According to the above design method of this disclosure, based on the response surface method, the existing empirical trial-and-error method is abandoned, the design speed of the radiator could be increased, and the development cycle and cost could be reduced.

Optionally, the radius R is expressed by a radius ratio R_per, and the relationship between the radius R and the radius ratio R_peris: R=R_per×min (√{square root over (D₁²/4+D₂²)}/2, D₁/2), where min (√{square root over (D₁²/4+D₂²)}/2, D₁/2) expresses a smaller value between √{square root over (D₁²/4+D²₂)}/2 and D₁/2. Expressing the radius R by the radius ratio R_percould easily expand the design domain.

Optionally, performing simulation calculations on the different combinations is implemented by finite element simulation. The accuracy of the finite element simulation is high, which could ensure the stability of the design results.

Optionally, an equivalent thin thermal resistance layer is set between the heat dissipation substrate and the plurality of pillars, the equivalent thin thermal resistance layer has a same thermal conductivity coefficient as that of a thermal conductive interface material. Setting the equivalent thin thermal resistance layer between the heat dissipation substrate and the plurality of pillars could correspond to the actual situation in the subsequent verification experiments, and could ensure the accuracy of the simulation calculations.

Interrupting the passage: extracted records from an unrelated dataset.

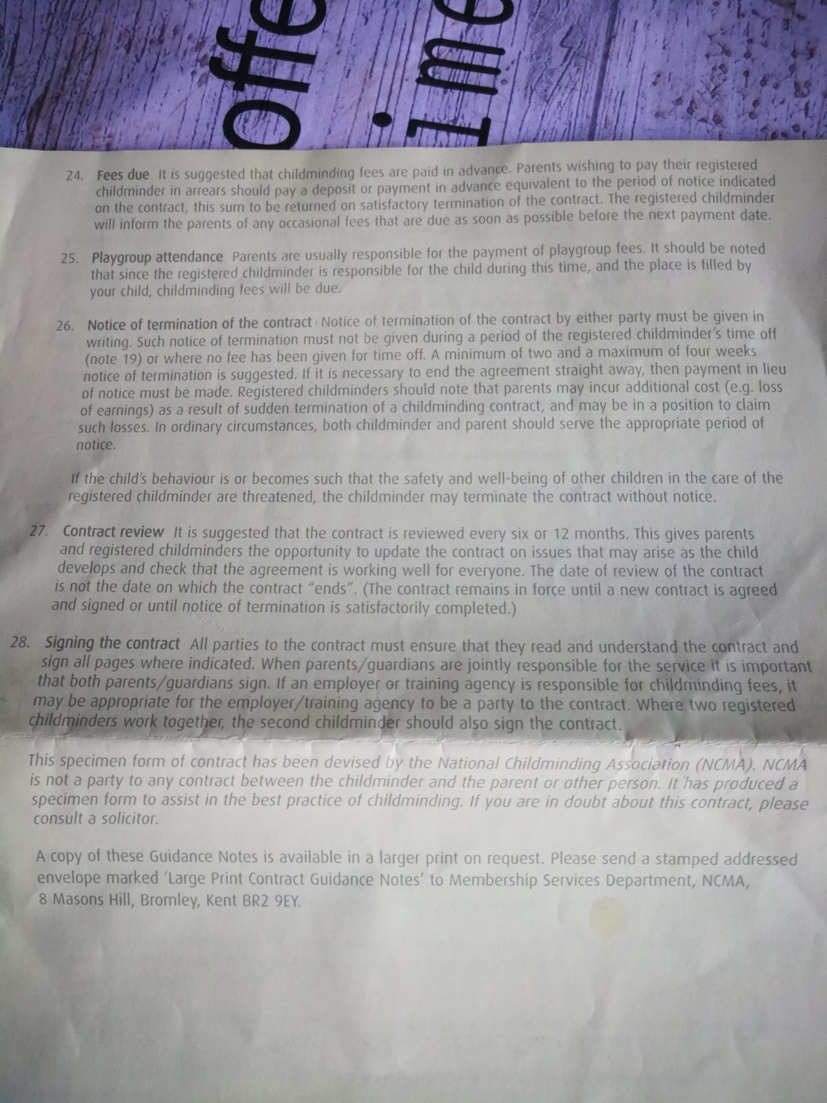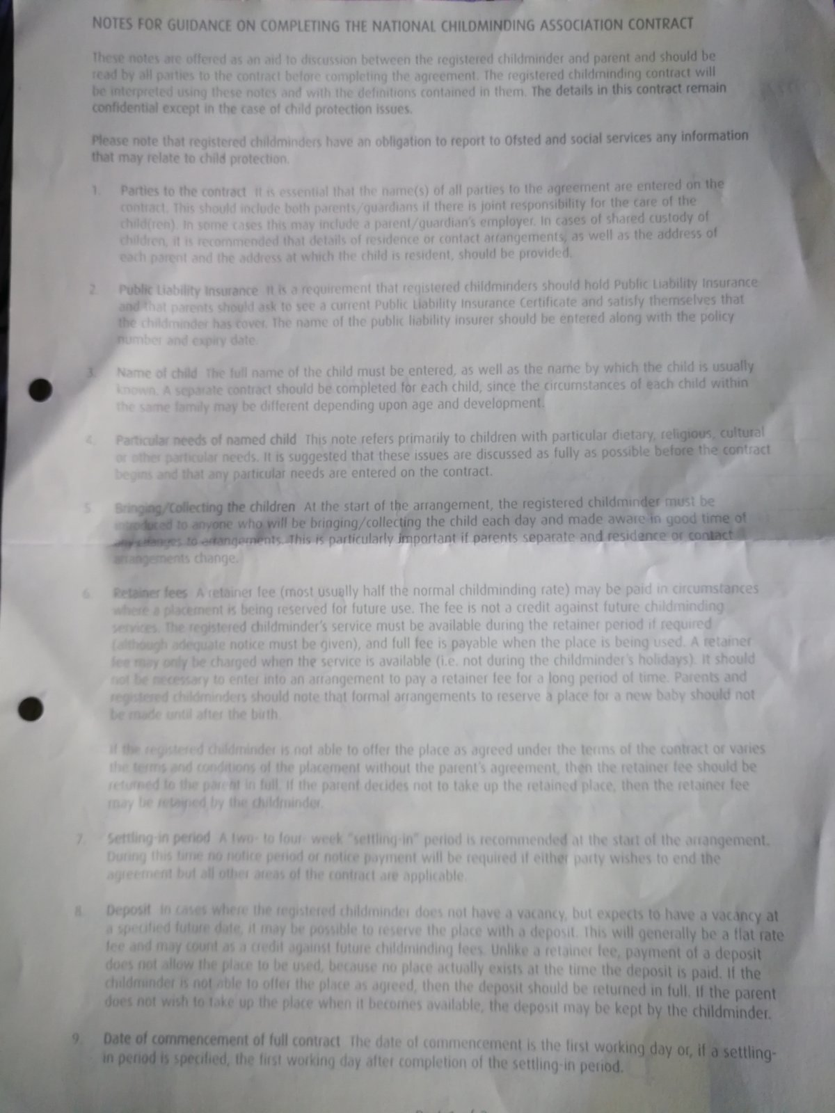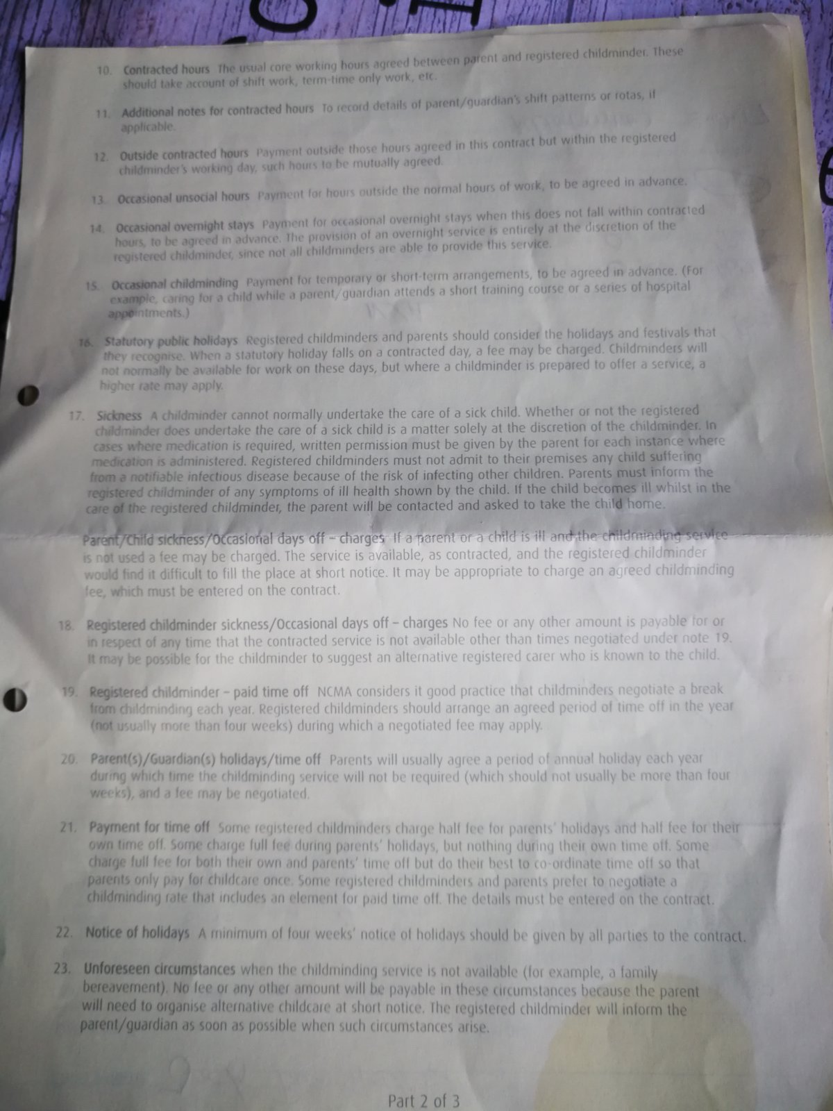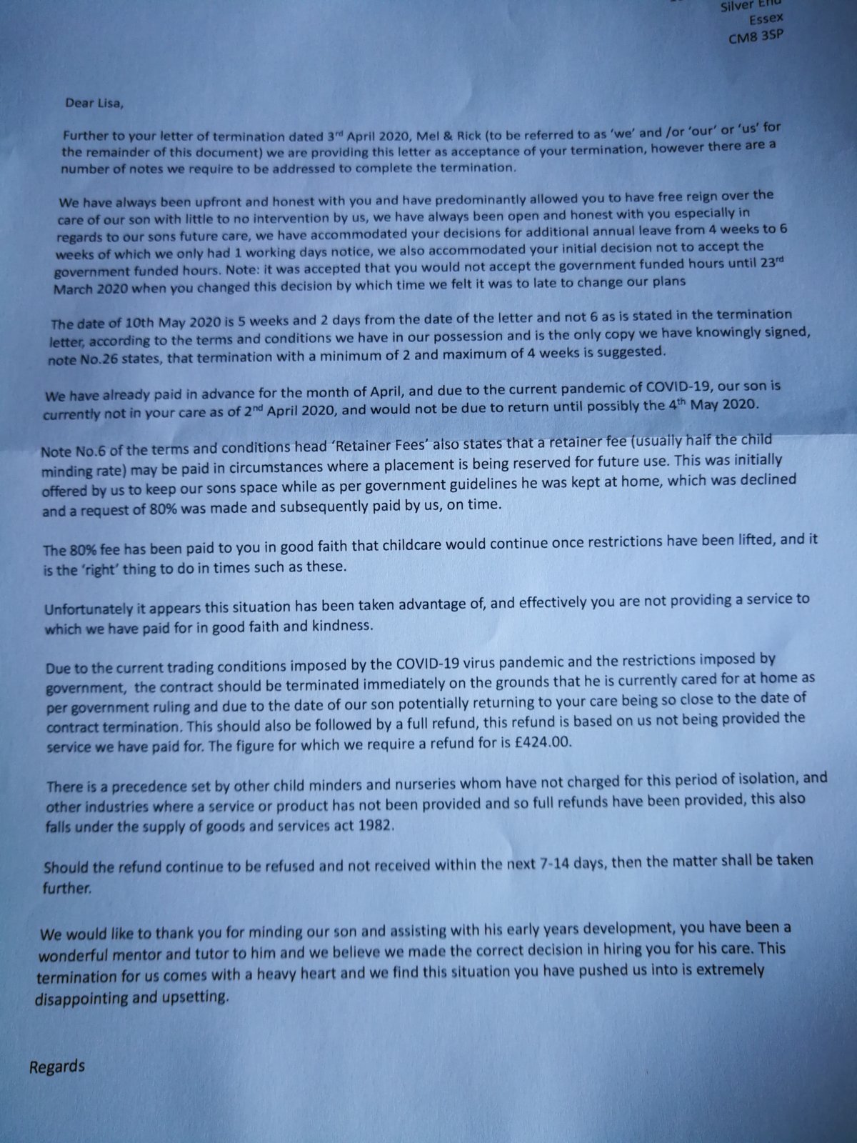 The child minder told us the service was no longer to be offered last night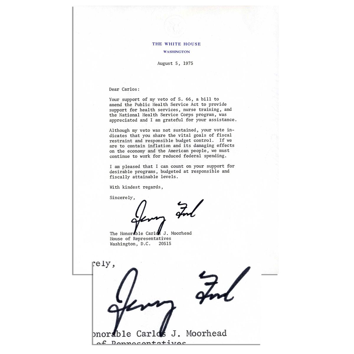 Gerald Ford typed letter signed, advocating restraint in federal spending almost 40 years ago. Dated 5 August 1975 on White House letterhead, Ford thanks Congressman Carlos Moorhead for ''your support of my veto of S. 66, a bill to…provide support for health services [and] nurse training…you share the vital goals of fiscal restraint and responsible budget control…I am pleased that I can count on your support for desirable programs, budgeted at responsible…levels…Jerry Ford''. Single page measures 6.75'' x 8.75''. Near fine.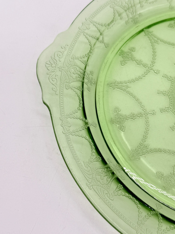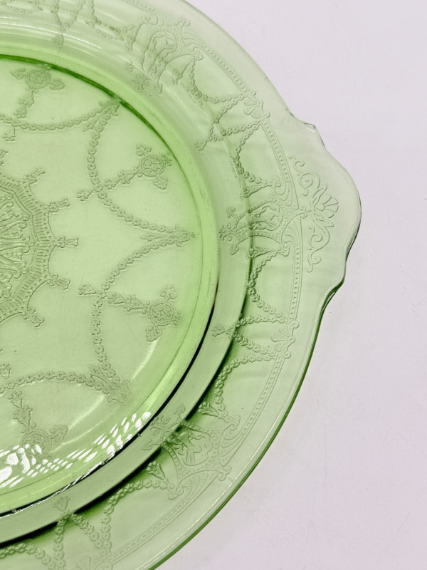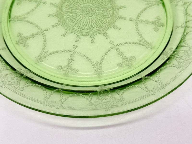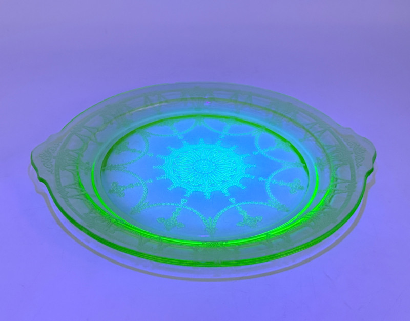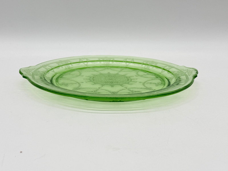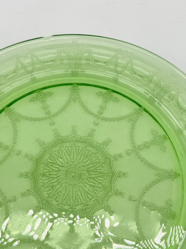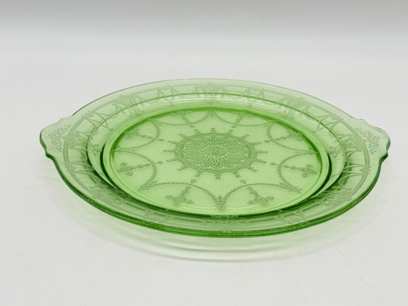 Lot # 18 - Vintage Anchor Hocking Cameo Green Uranium Glass Cake Plate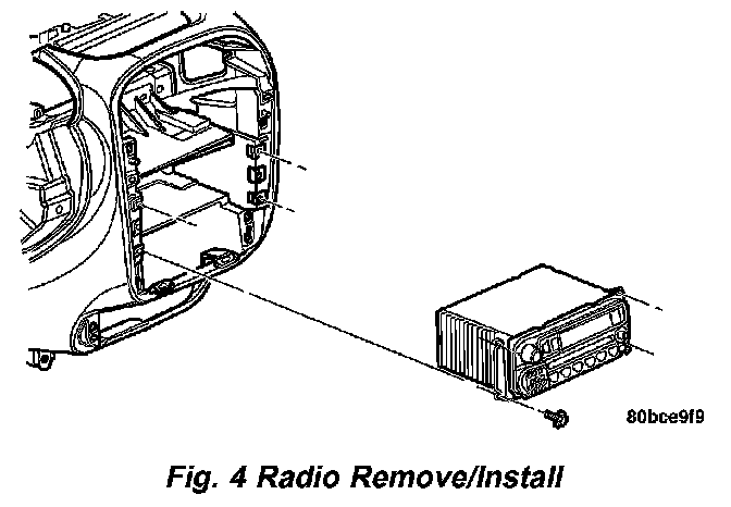 3. Remove four mounting screws on the radio and pull out of instrument panel.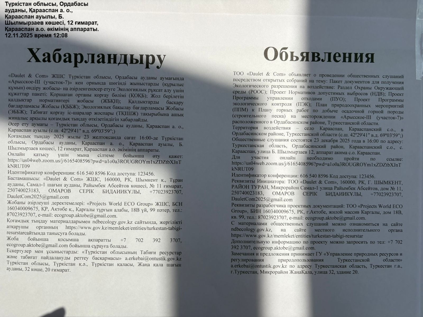3. Общественные слушания организованны: Управление природных ресурсов и регулирования природопользования Туркестанской области, a.erkebai@ontustik.gov.kz,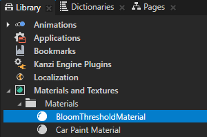 Kanzi Studio adds the BloomThreshold material type and creates the BloomThresholdMaterial material which supports rendering only the regions which are brighter than a specific threshold value.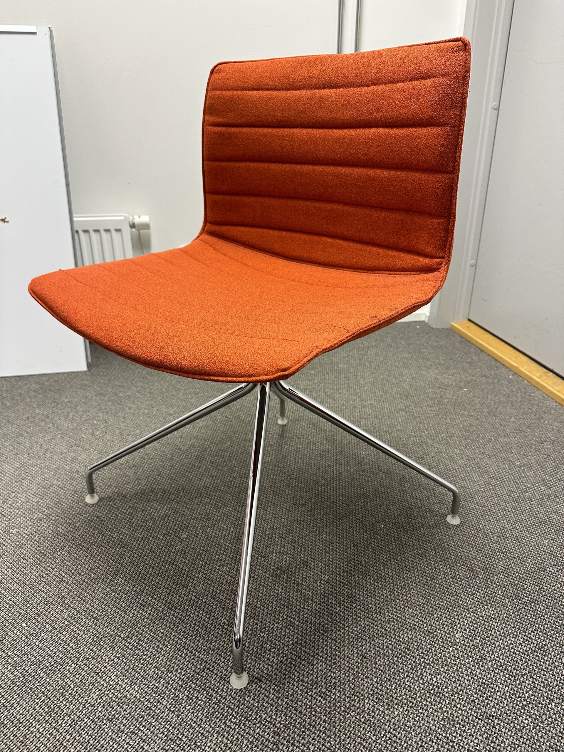 Seat and backrest in fabric (orange). Star base in metal (chrome).

Optionally, the thermal conductive interface material is set to be silicone grease. Setting silicone grease between the heat dissipation substrate and the plurality of pillars could correspond to the actual situation in the subsequent verification experiments.

Optionally, the vehicle power module comprises a circuit board and the chip, the chip is disposed on the circuit board, a material of the circuit board is set to be copper, a material of the power chip is set to be silicon, and a material of the heat dissipation substrate and the plurality of the pillars is set to be aluminum alloy. The above settings could ensure that the simulation calculations are closer to the real product.

Optionally, the cooling liquid is set to be an ethanol solution with a volume fraction of 50%. The above setting could ensure that the simulation calculations are closer to the real product.

Optionally, the finite element simulation is performed using COMSOL Multiphysics software, with the number of grids being greater than 1.5×10⁶. When the number of grids is increased to 1.5×10⁶, the effect of the grids on the results is less than 0.02° C., and the effect of the grids on the simulation results could be excluded.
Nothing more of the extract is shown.